<<<<
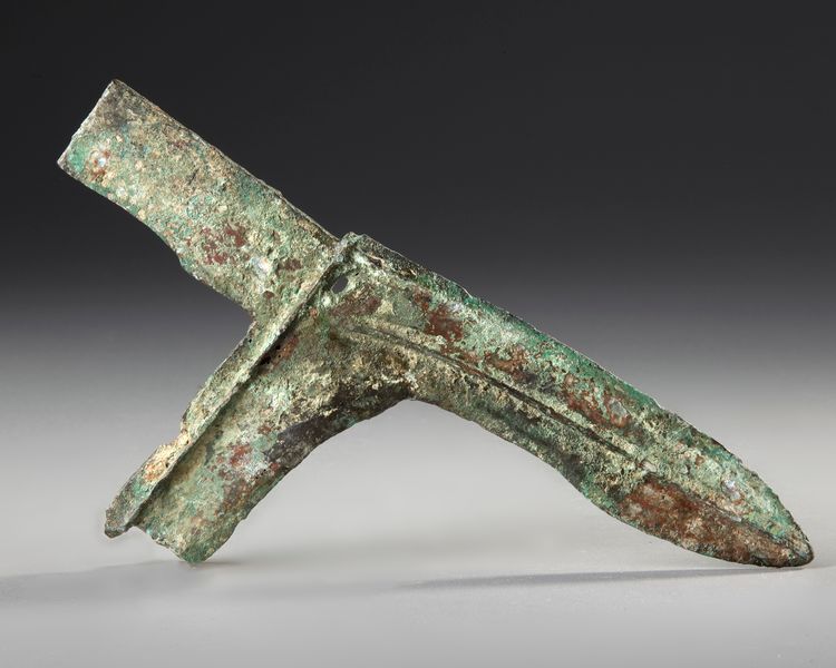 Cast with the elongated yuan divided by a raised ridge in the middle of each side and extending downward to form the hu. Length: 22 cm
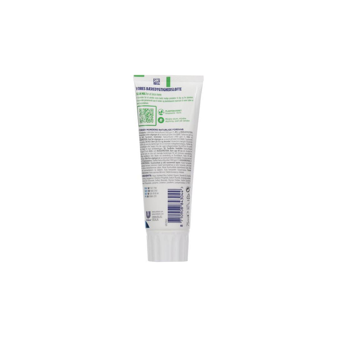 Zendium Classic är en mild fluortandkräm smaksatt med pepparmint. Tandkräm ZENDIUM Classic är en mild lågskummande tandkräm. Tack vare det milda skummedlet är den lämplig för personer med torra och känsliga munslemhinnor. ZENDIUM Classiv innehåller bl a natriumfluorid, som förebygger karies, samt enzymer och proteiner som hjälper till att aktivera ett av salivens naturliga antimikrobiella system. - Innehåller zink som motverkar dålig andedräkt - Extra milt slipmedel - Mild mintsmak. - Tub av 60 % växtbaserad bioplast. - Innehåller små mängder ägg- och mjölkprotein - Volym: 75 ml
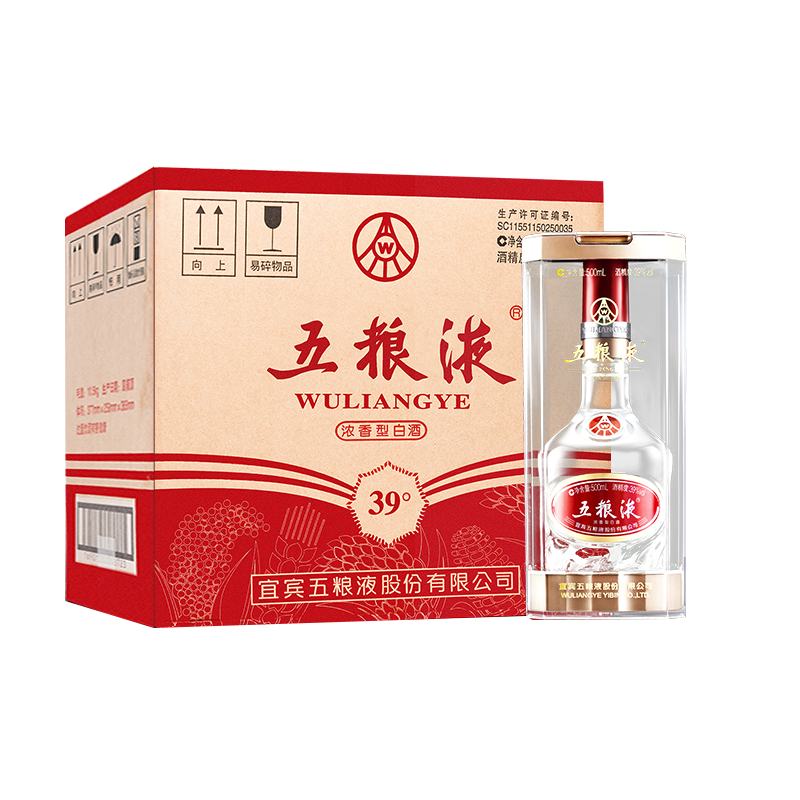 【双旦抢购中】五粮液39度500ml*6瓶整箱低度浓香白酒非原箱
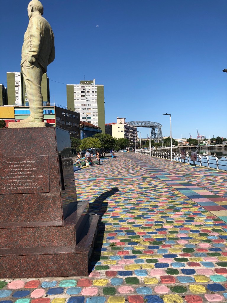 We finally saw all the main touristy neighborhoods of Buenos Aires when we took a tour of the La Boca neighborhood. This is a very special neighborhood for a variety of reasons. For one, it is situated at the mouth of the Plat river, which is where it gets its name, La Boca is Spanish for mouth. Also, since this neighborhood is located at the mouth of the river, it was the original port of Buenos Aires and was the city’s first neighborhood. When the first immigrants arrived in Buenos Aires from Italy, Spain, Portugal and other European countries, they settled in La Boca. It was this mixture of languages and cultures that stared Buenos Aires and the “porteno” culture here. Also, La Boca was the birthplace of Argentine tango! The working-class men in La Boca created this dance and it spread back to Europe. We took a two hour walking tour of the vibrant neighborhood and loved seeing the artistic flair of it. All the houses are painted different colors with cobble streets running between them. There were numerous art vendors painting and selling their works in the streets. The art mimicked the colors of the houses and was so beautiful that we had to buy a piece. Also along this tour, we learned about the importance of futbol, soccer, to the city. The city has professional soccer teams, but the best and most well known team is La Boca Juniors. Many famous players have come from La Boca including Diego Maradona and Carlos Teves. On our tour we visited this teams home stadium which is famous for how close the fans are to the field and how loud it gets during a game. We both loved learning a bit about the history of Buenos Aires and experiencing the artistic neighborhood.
>>>>
**Problem to work on**
With pictures excluded, the data must be transcribed in full and to the letter.

**Answer space**
 Cast with the elongated yuan divided by a raised ridge in the middle of each side and extending downward to form the hu. Length: 22 cm
 Zendium Classic är en mild fluortandkräm smaksatt med pepparmint. Tandkräm ZENDIUM Classic är en mild lågskummande tandkräm. Tack vare det milda skummedlet är den lämplig för personer med torra och känsliga munslemhinnor. ZENDIUM Classiv innehåller bl a natriumfluorid, som förebygger karies, samt enzymer och proteiner som hjälper till att aktivera ett av salivens naturliga antimikrobiella system. - Innehåller zink som motverkar dålig andedräkt - Extra milt slipmedel - Mild mintsmak. - Tub av 60 % växtbaserad bioplast. - Innehåller små mängder ägg- och mjölkprotein - Volym: 75 ml
 【双旦抢购中】五粮液39度500ml*6瓶整箱低度浓香白酒非原箱
 We finally saw all the main touristy neighborhoods of Buenos Aires when we took a tour of the La Boca neighborhood. This is a very special neighborhood for a variety of reasons. For one, it is situated at the mouth of the Plat river, which is where it gets its name, La Boca is Spanish for mouth. Also, since this neighborhood is located at the mouth of the river, it was the original port of Buenos Aires and was the city’s first neighborhood. When the first immigrants arrived in Buenos Aires from Italy, Spain, Portugal and other European countries, they settled in La Boca. It was this mixture of languages and cultures that stared Buenos Aires and the “porteno” culture here. Also, La Boca was the birthplace of Argentine tango! The working-class men in La Boca created this dance and it spread back to Europe. We took a two hour walking tour of the vibrant neighborhood and loved seeing the artistic flair of it. All the houses are painted different colors with cobble streets running between them. There were numerous art vendors painting and selling their works in the streets. The art mimicked the colors of the houses and was so beautiful that we had to buy a piece. Also along this tour, we learned about the importance of futbol, soccer, to the city. The city has professional soccer teams, but the best and most well known team is La Boca Juniors. Many famous players have come from La Boca including Diego Maradona and Carlos Teves. On our tour we visited this teams home stadium which is famous for how close the fans are to the field and how loud it gets during a game. We both loved learning a bit about the history of Buenos Aires and experiencing the artistic neighborhood.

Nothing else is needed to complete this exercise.